◆ **Directions**
Drop every picture, then transcribe the remaining data exactly.
************
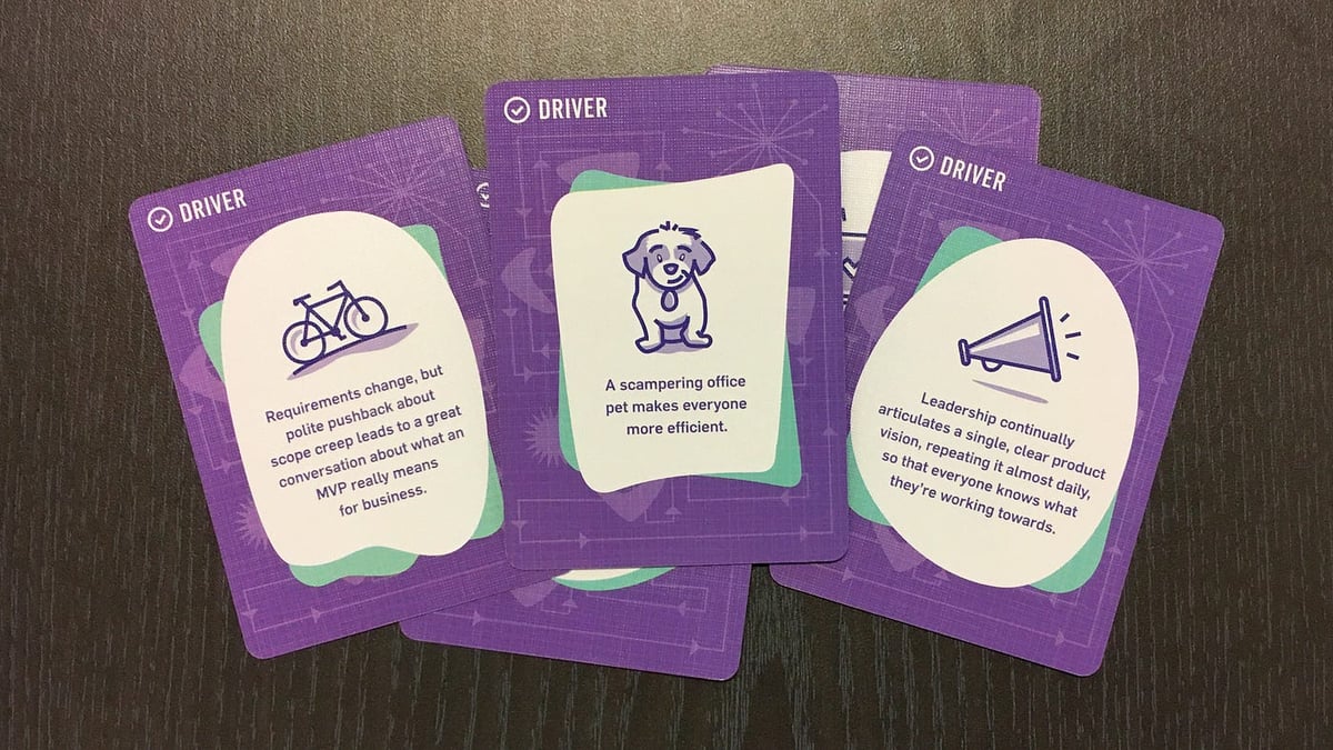 It’s a simple card game for three to five players, designed to help people talk through the various things that happen when you’re making software. You shuffle the deck and draw cards. Cards can be drivers, blockers, or actions. Your goal is to ship three phases of your project. You do this by getting rid of your blockers, collecting enough drivers, and yelling “SHIP IT!”
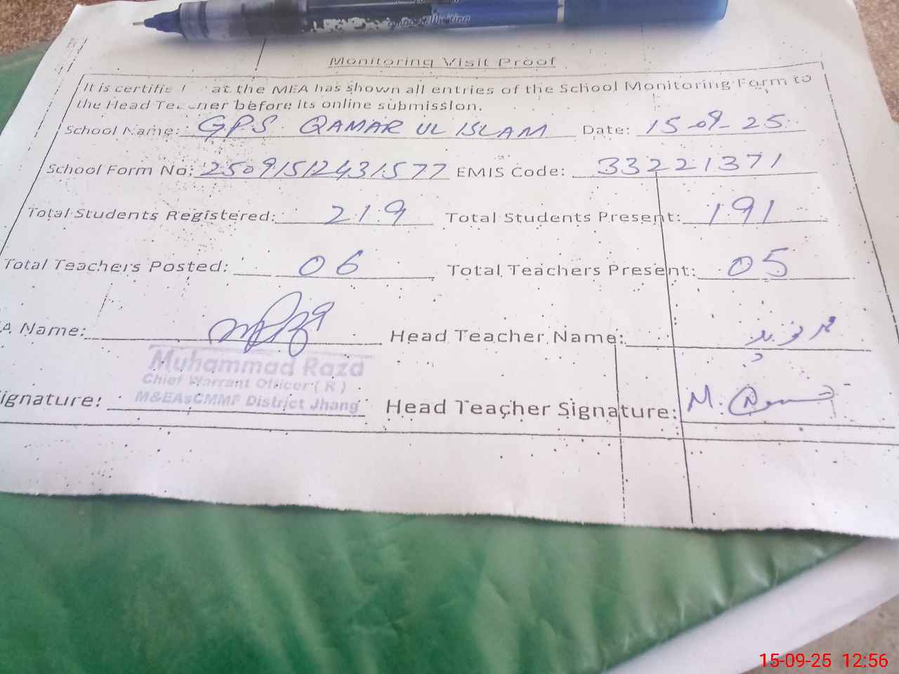 | EMIS Code: 33221371 | Name of School: GPS QAMAR-UL-ISLAM | |||
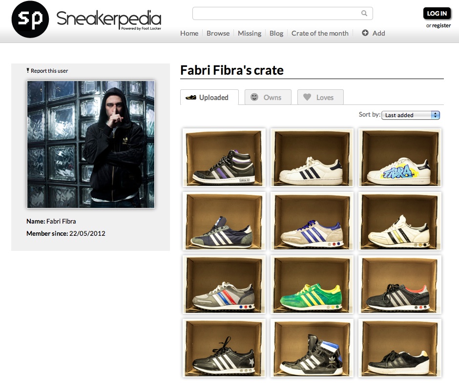 Per celebrare il primo anno di esistenza di Sneakerpedia, sono stati coinvolti personaggi come Fabri Fibra e Mr. Entics, che hanno caricato sul sito le proprie collezioni di sneakers: qui il Crate di Fabri Fibra
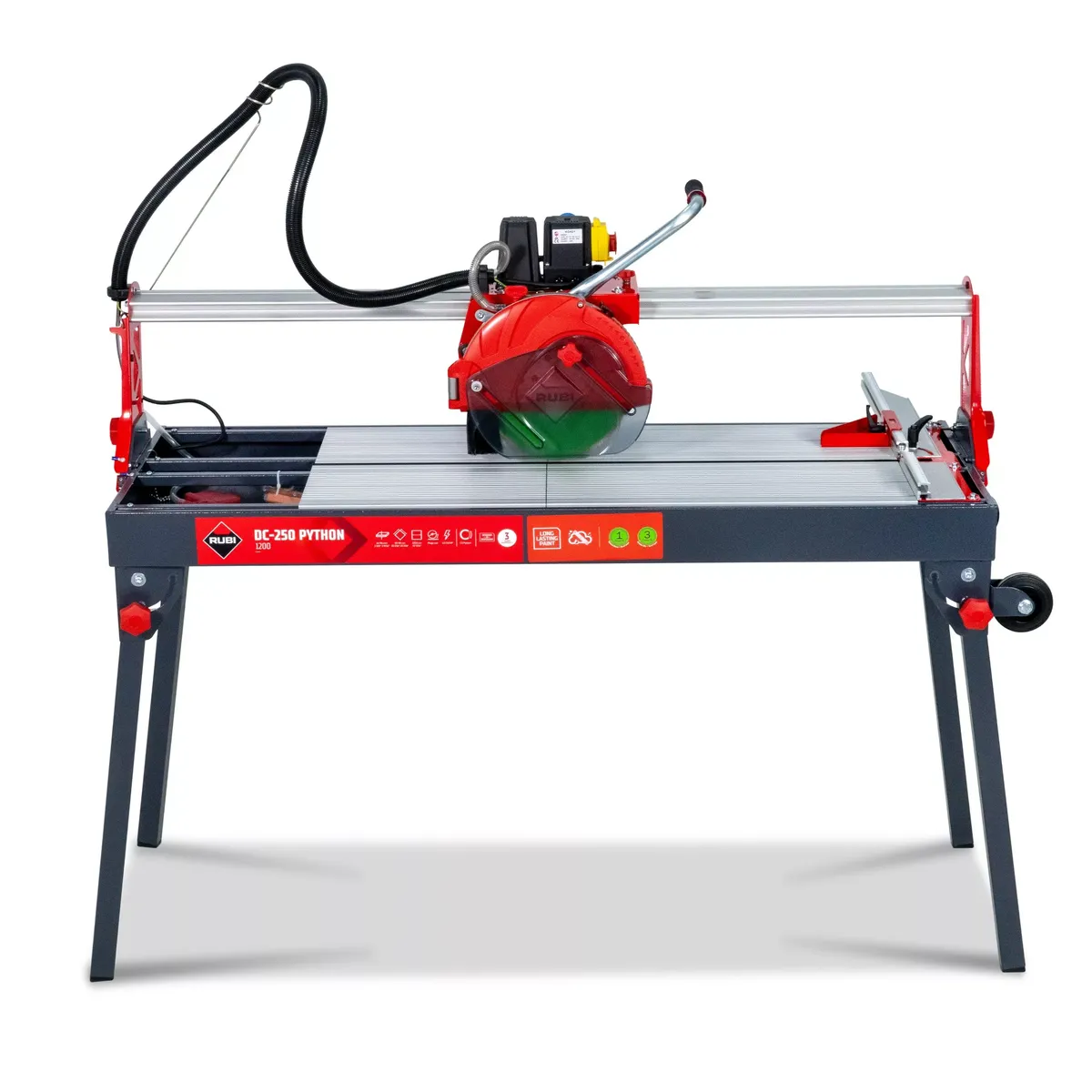 GooglePayThe Rubi Python 250 Bridge Saw is a high-precision cutting tool designed for professional tile and stone work, featuring a robust motor. Perfect for large format tiles and slabs.
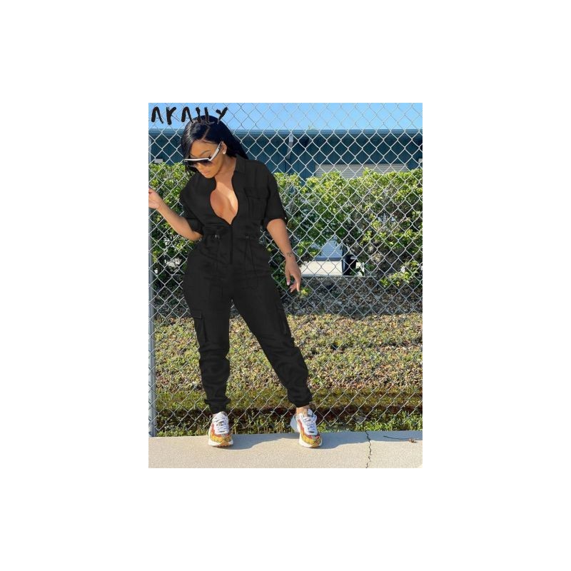 Akaily Summer Solid Bodycon Cargo Jumpsuit Women 2023 Casual Black Zipper Loose Jumpsuits One Piece Pockets Long Rompers Female
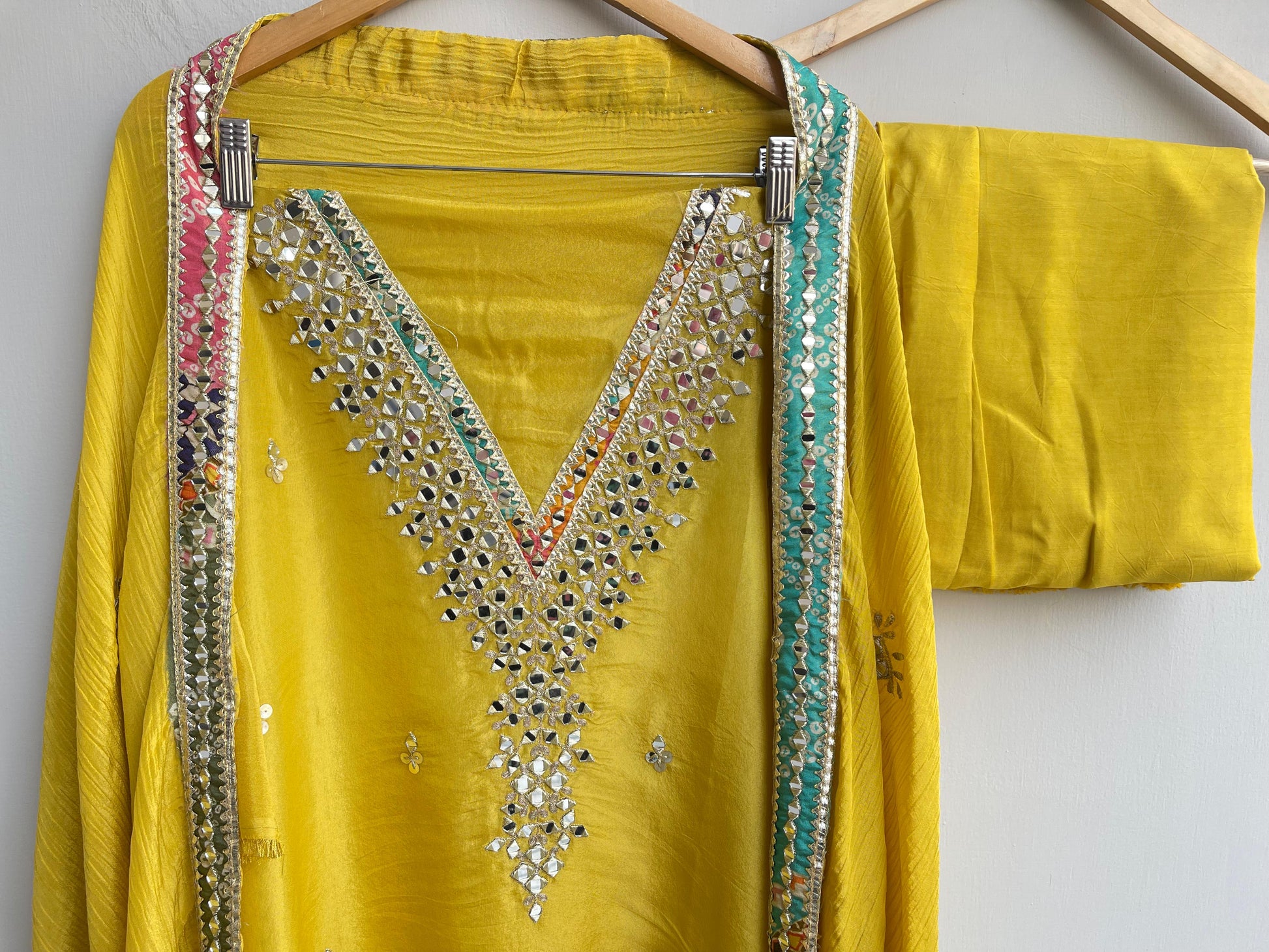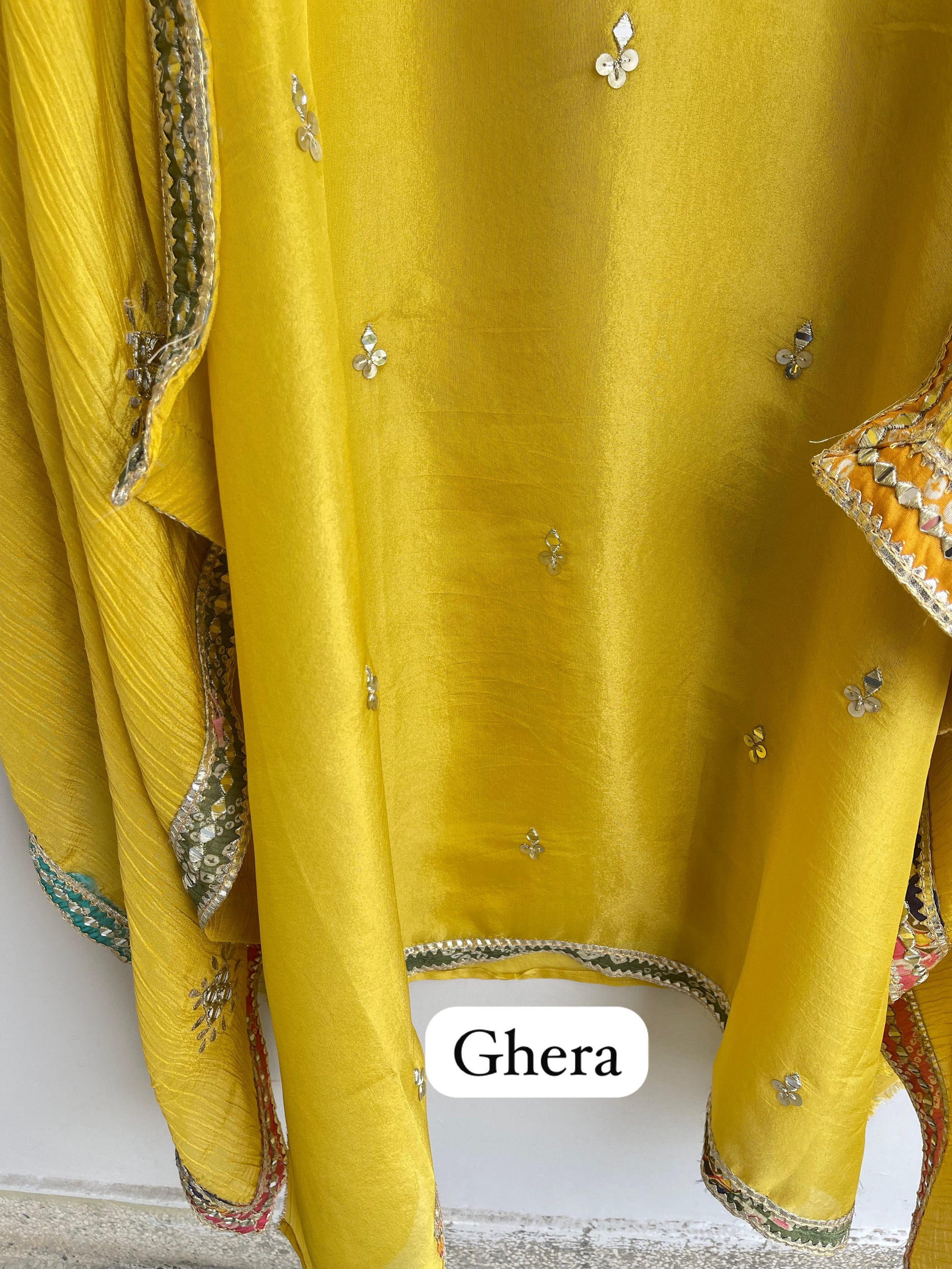 π crushed silk printed fabric dupatta with actual mirror work zari embroidery and printed borders
************
◆ **Answer for the task**
 It’s a simple card game for three to five players, designed to help people talk through the various things that happen when you’re making software. You shuffle the deck and draw cards. Cards can be drivers, blockers, or actions. Your goal is to ship three phases of your project. You do this by getting rid of your blockers, collecting enough drivers, and yelling “SHIP IT!”
 | EMIS Code: 33221371 | Name of School: GPS QAMAR-UL-ISLAM | |||
 Per celebrare il primo anno di esistenza di Sneakerpedia, sono stati coinvolti personaggi come Fabri Fibra e Mr. Entics, che hanno caricato sul sito le proprie collezioni di sneakers: qui il Crate di Fabri Fibra
 GooglePayThe Rubi Python 250 Bridge Saw is a high-precision cutting tool designed for professional tile and stone work, featuring a robust motor. Perfect for large format tiles and slabs.
 Akaily Summer Solid Bodycon Cargo Jumpsuit Women 2023 Casual Black Zipper Loose Jumpsuits One Piece Pockets Long Rompers Female
 π crushed silk printed fabric dupatta with actual mirror work zari embroidery and printed borders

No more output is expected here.